COLLECTED MATERIAL >>
<<<<

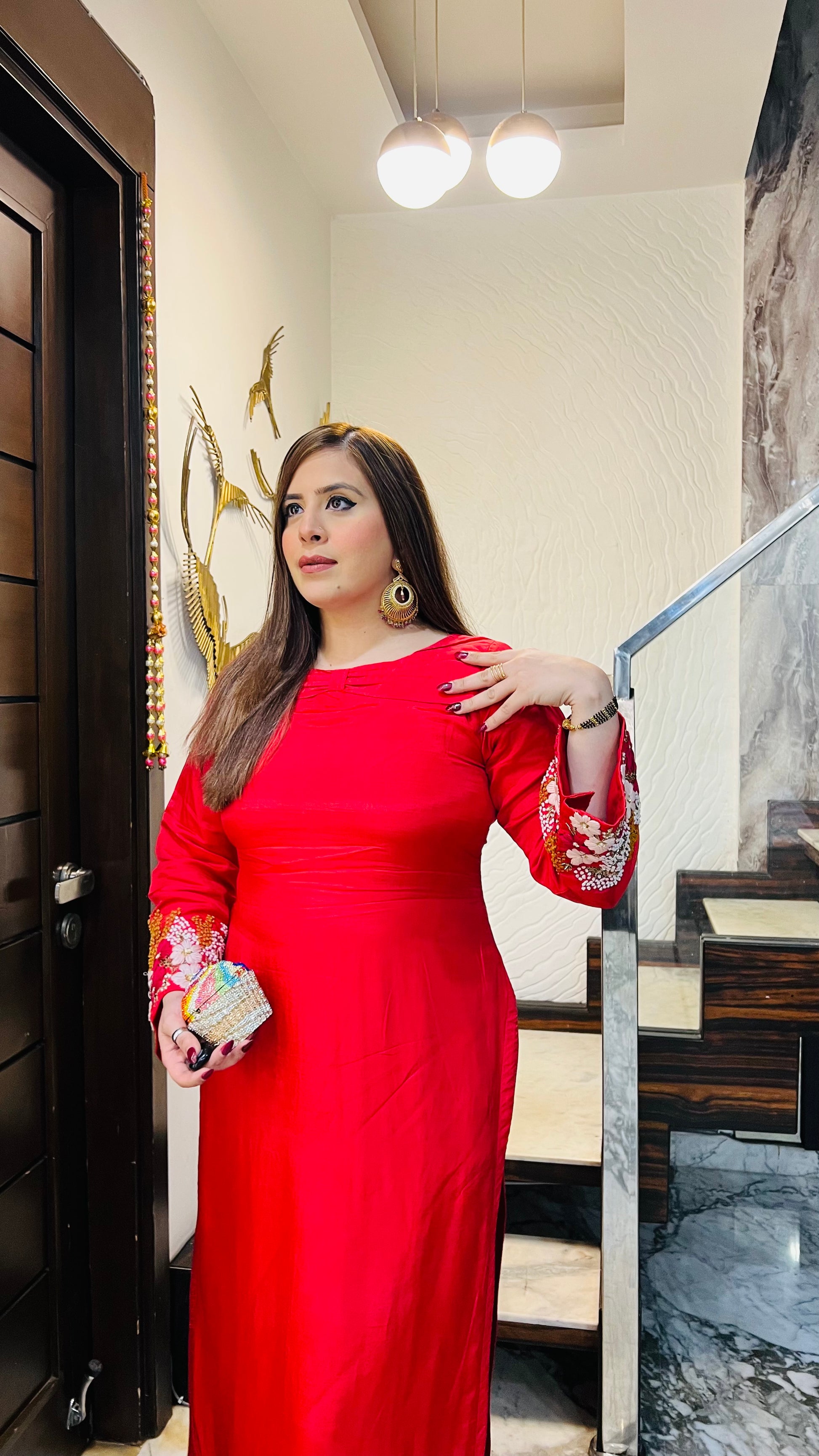 Full Sleeves (A-Line) Hand Embroidred Work On Mori |
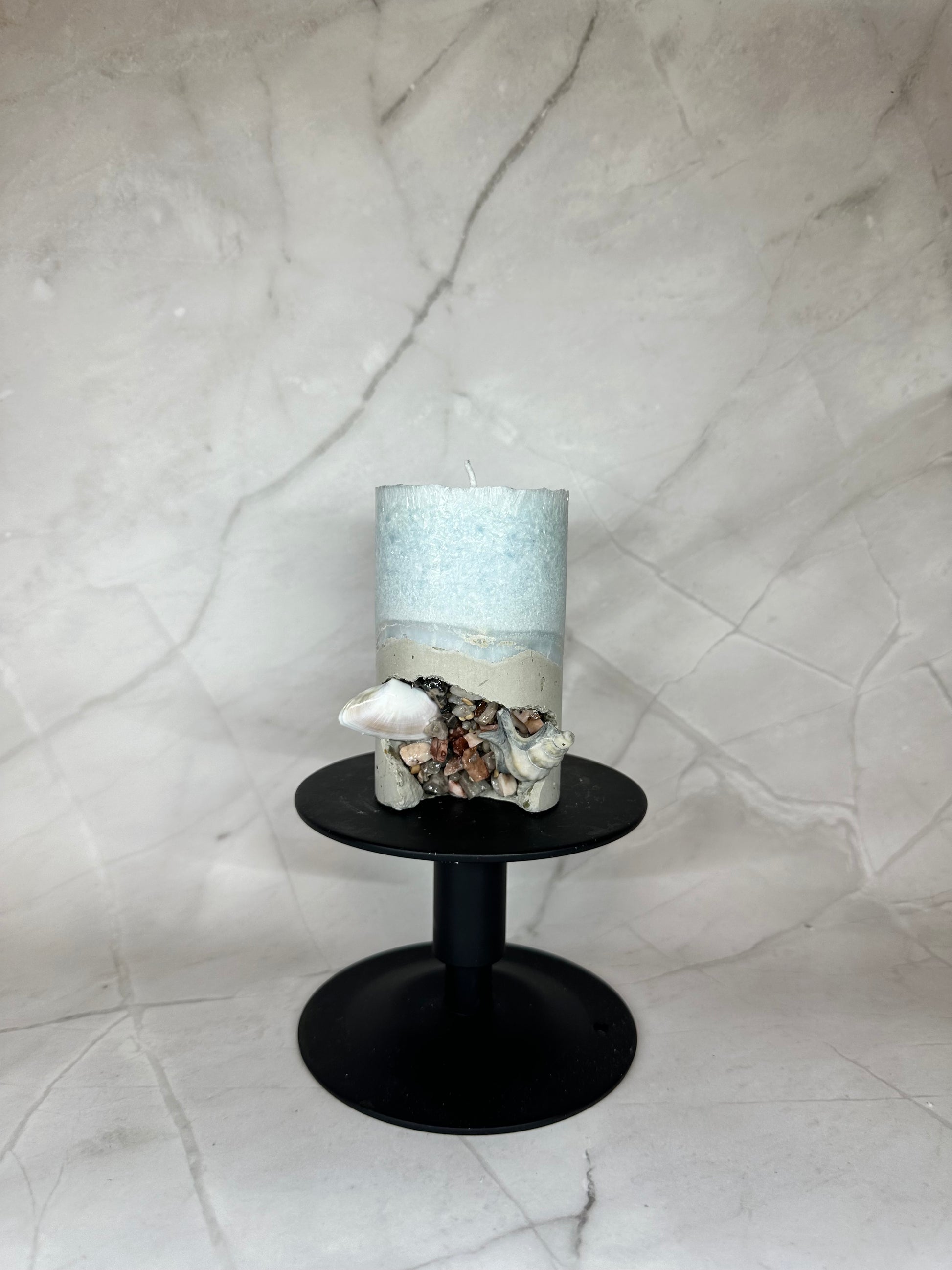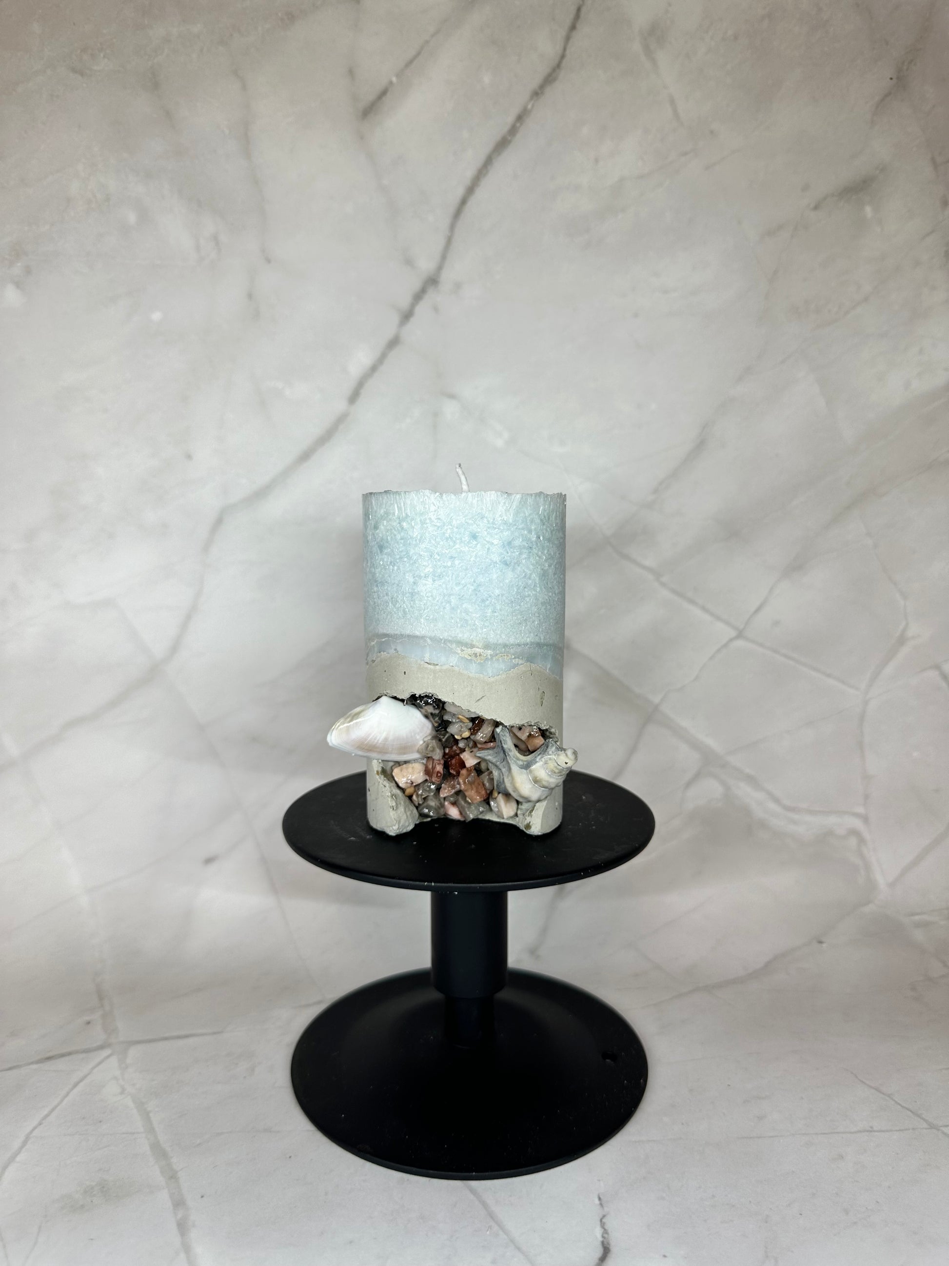Une bougie minimaliste aux dégradés doux de bleu et de sable, qui vous transporte sur une plage paisible au coucher du soleil. Sur sa face avant, une composition marine artisanale intègre de véritables coquillages, du sable fin, de petits galets. L’ensemble évoque un fragment de littoral figé dans le temps.
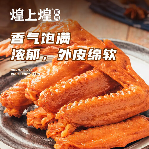 煌上煌精选鄱阳湖麻鸭,肉质结实脂肪少。组合包含了鸭脖、鸭翅、鸭锁骨还有鸭掌,甜辣口味,辣味适中,稍微带点甜。

>>>>

YOUR INSTRUCTIONS >>
The answer should consist only of the lines from the one with "Une bougie minimaliste" through the last line of the material above, copied exactly, with no pictures.

REPLY TO THE EXERCISE >>
Une bougie minimaliste aux dégradés doux de bleu et de sable, qui vous transporte sur une plage paisible au coucher du soleil. Sur sa face avant, une composition marine artisanale intègre de véritables coquillages, du sable fin, de petits galets. L’ensemble évoque un fragment de littoral figé dans le temps.
 煌上煌精选鄱阳湖麻鸭,肉质结实脂肪少。组合包含了鸭脖、鸭翅、鸭锁骨还有鸭掌,甜辣口味,辣味适中,稍微带点甜。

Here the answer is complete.